> **Activity**
Transcribe the entries below with complete accuracy, excluding the pictures.

Recorded data:
=-=-=
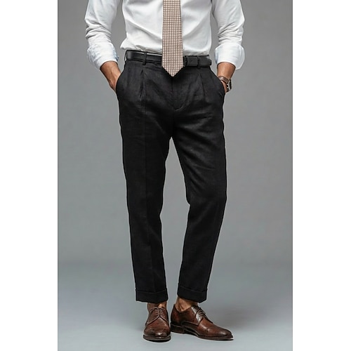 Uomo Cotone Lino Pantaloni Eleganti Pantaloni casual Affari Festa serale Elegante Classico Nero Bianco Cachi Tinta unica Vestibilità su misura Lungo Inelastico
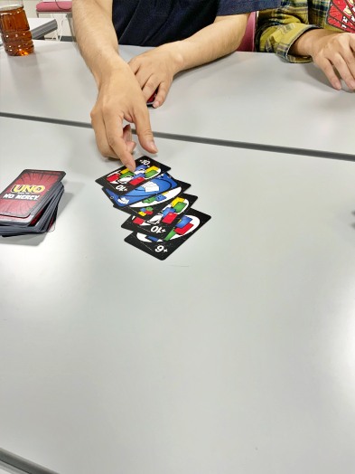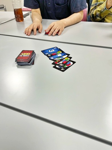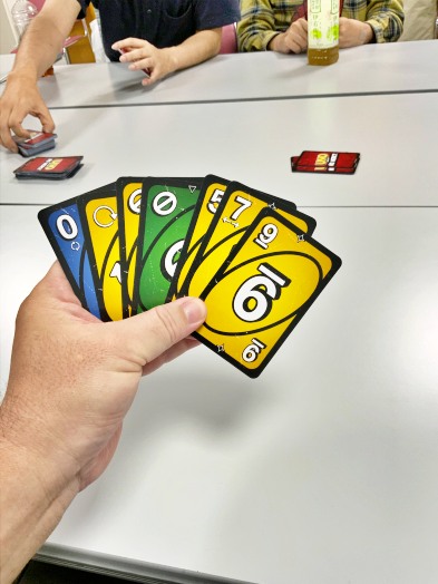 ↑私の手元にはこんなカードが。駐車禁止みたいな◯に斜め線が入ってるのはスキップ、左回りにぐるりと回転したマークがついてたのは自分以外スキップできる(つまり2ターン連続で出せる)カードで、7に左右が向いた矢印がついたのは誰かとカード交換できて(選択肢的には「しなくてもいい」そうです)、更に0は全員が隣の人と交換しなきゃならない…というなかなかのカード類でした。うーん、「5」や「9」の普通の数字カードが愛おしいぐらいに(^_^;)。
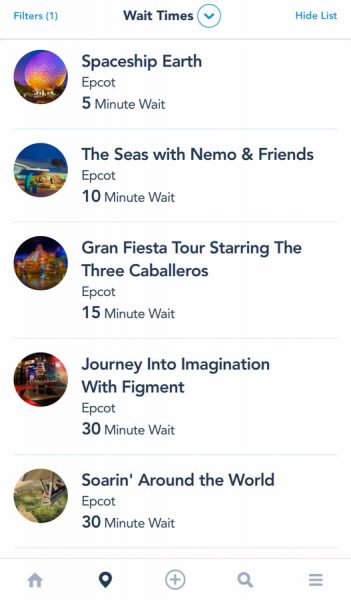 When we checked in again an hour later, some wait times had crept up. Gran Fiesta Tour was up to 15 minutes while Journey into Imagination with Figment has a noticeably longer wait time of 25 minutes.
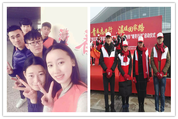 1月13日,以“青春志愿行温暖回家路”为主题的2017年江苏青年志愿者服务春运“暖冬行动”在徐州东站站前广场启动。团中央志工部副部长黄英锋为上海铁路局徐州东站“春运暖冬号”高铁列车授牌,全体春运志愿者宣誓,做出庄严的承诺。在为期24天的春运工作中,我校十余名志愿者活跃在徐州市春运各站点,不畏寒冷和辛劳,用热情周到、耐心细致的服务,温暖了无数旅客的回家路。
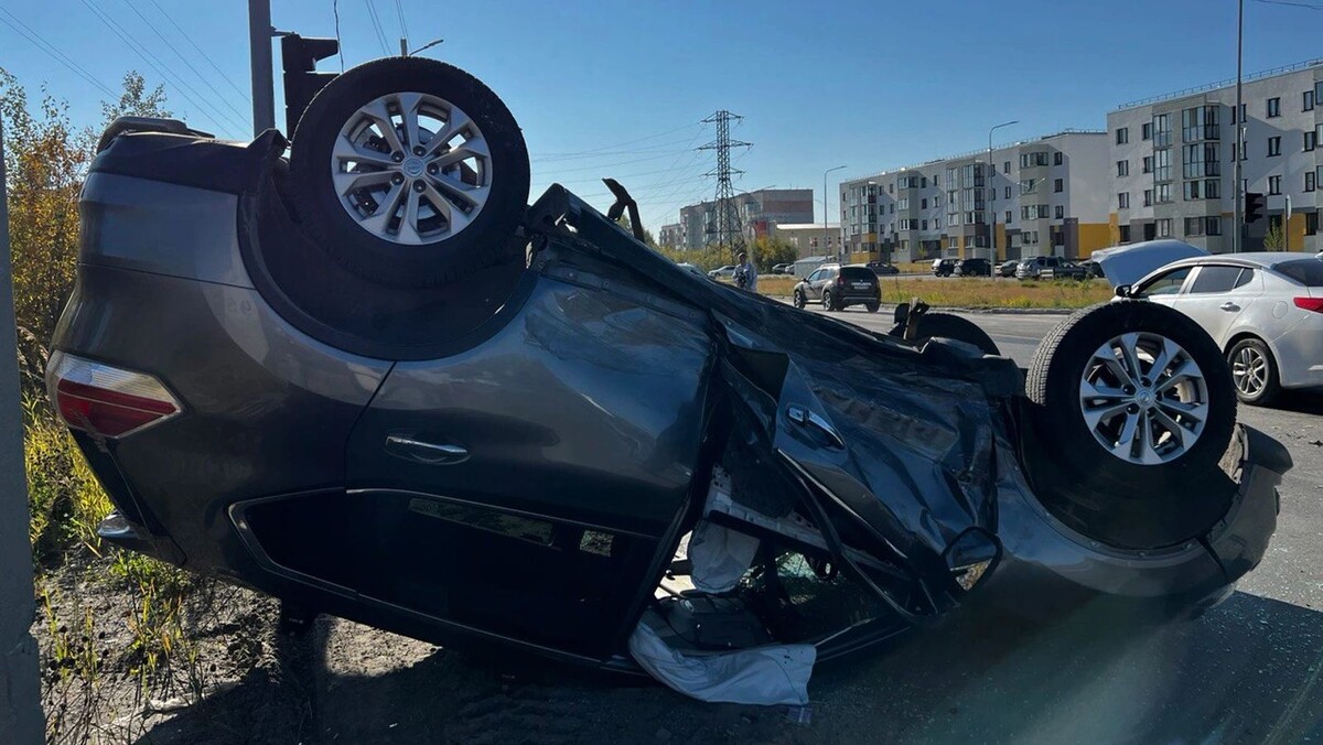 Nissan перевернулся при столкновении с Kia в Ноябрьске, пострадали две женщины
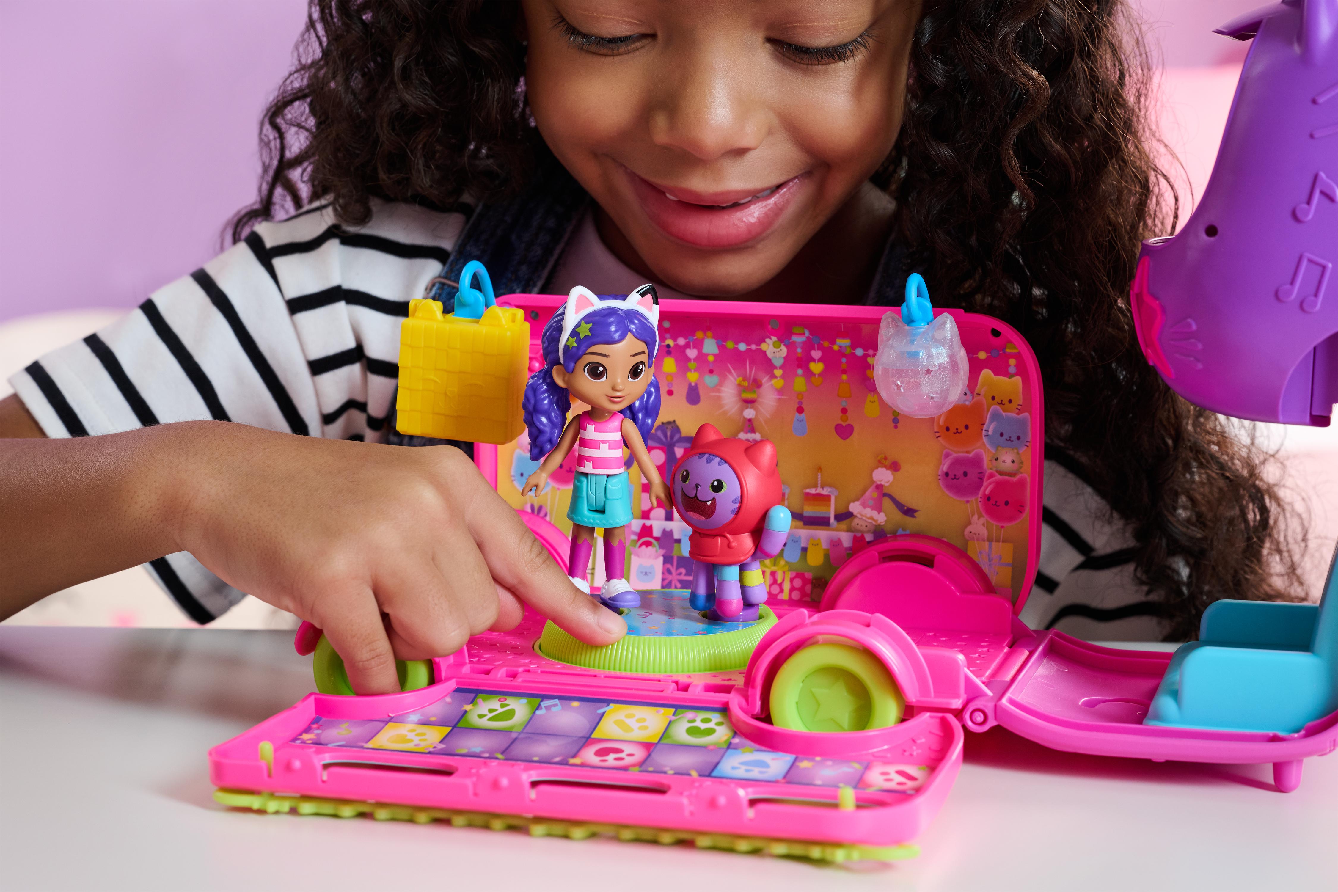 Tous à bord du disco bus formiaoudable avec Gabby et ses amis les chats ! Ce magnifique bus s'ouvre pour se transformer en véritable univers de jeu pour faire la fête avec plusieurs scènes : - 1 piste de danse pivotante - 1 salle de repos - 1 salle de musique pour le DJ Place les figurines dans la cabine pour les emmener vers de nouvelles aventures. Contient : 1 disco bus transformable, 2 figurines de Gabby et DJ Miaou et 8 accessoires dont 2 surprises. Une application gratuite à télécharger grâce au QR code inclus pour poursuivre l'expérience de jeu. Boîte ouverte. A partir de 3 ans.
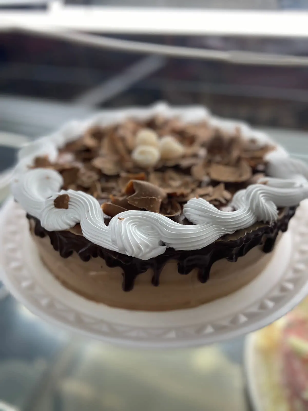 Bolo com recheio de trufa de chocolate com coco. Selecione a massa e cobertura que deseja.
=-=-=
> **Response to the exercise**
 Uomo Cotone Lino Pantaloni Eleganti Pantaloni casual Affari Festa serale Elegante Classico Nero Bianco Cachi Tinta unica Vestibilità su misura Lungo Inelastico
 ↑私の手元にはこんなカードが。駐車禁止みたいな◯に斜め線が入ってるのはスキップ、左回りにぐるりと回転したマークがついてたのは自分以外スキップできる(つまり2ターン連続で出せる)カードで、7に左右が向いた矢印がついたのは誰かとカード交換できて(選択肢的には「しなくてもいい」そうです)、更に0は全員が隣の人と交換しなきゃならない…というなかなかのカード類でした。うーん、「5」や「9」の普通の数字カードが愛おしいぐらいに(^_^;)。
 When we checked in again an hour later, some wait times had crept up. Gran Fiesta Tour was up to 15 minutes while Journey into Imagination with Figment has a noticeably longer wait time of 25 minutes.
 1月13日,以“青春志愿行温暖回家路”为主题的2017年江苏青年志愿者服务春运“暖冬行动”在徐州东站站前广场启动。团中央志工部副部长黄英锋为上海铁路局徐州东站“春运暖冬号”高铁列车授牌,全体春运志愿者宣誓,做出庄严的承诺。在为期24天的春运工作中,我校十余名志愿者活跃在徐州市春运各站点,不畏寒冷和辛劳,用热情周到、耐心细致的服务,温暖了无数旅客的回家路。
 Nissan перевернулся при столкновении с Kia в Ноябрьске, пострадали две женщины
 Tous à bord du disco bus formiaoudable avec Gabby et ses amis les chats ! Ce magnifique bus s'ouvre pour se transformer en véritable univers de jeu pour faire la fête avec plusieurs scènes : - 1 piste de danse pivotante - 1 salle de repos - 1 salle de musique pour le DJ Place les figurines dans la cabine pour les emmener vers de nouvelles aventures. Contient : 1 disco bus transformable, 2 figurines de Gabby et DJ Miaou et 8 accessoires dont 2 surprises. Une application gratuite à télécharger grâce au QR code inclus pour poursuivre l'expérience de jeu. Boîte ouverte. A partir de 3 ans.
 Bolo com recheio de trufa de chocolate com coco. Selecione a massa e cobertura que deseja.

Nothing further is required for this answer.